Thousands
of horses and cattle, now crossed and improved, are wealth wandering
at will on every side. Hardin's dark eyes grow eager and envious.
He gazes excitedly on this lordly domain. Suppose Valois should never
come back. This would be a royal heritage. He puts the maddening
thought away. Within a few miles, mill and flume tell of the tracing
down of golden quartz lodes. The pick breaks into the hitherto
undisturbed quartz ledges of Mariposa gold. Is there gold to be
found here, too? Perhaps.
Only an old prating priest, a simple woman, and an infant, between
him and these thousands of rich acres, should Valois be killed.
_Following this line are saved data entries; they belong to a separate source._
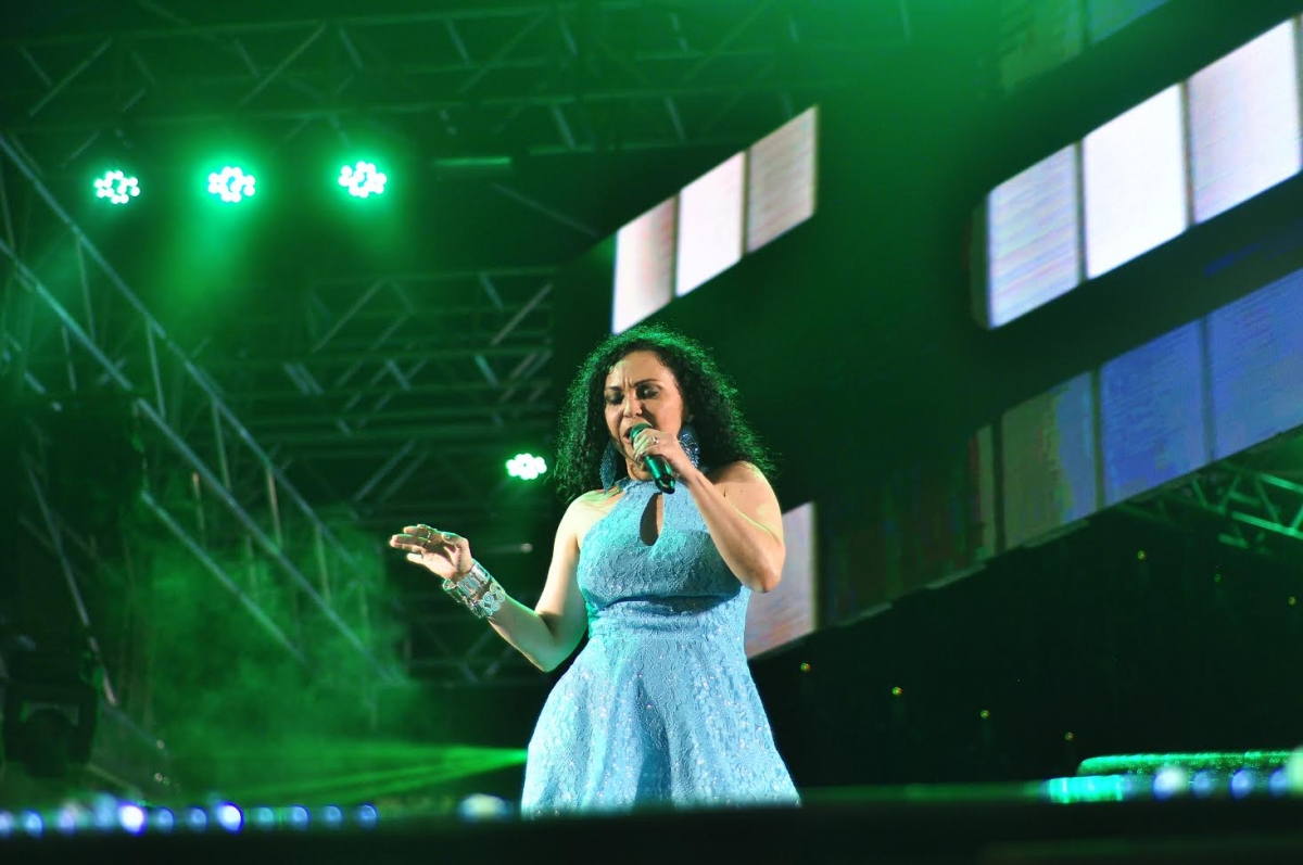 Quando ela subiu ao palco, cantando “Brilho da Lua”, uma multidão de forrozeiros e seguidores da artista tomou conta da área principal da festa. Com antigos sucessos e também canções de seus novos trabalhos, a Rainha do Forró animou o público.
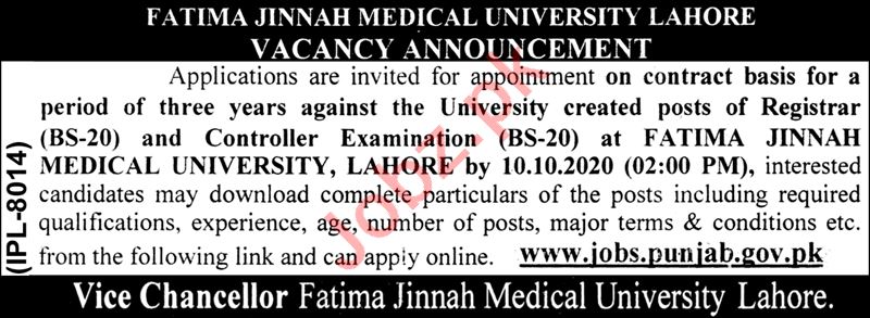 Fatima Jinnah Medical University FJMU Jobs 2020 Registrar
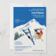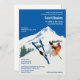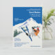 Este cartão moderno apresenta a paisagem de inverno de uma estância de esqui. Na frente, um esquiador corre pelo declive. Esta bela cena mostra montanhas nevadas e um céu azul intenso. Os pinheiros podem ser vistos espalhados. Este convite elegante e atraente é excelente para um amante de esqui ou um entusiasta de esqui.

Philip Hardin becomes convinced of final defeat, as 1863 draws to
a close. The days of Gettysburg and Vicksburg ring the knell of
the Confederacy. Even the prestige of Chancellorsville, with its
sacred victory sealed with Stonewall Jackson's precious blood,
was lost in the vital blow delivered when the columns of Longstreet
and Pickett failed to carry the heights of Gettysburg.
The troops slain on that field could never be replaced. Boyhood
and old age, alone, were left to fill the vacant ranks. Settling
slowly down, the gloomy days of collapse approach.
While Lee skilfully faced the Army of the Potomac, and the Confederacy
was drained of men to hold the "sacred soil," the Western fields
were lit up by the fierce light of Grant and Sherman's genius.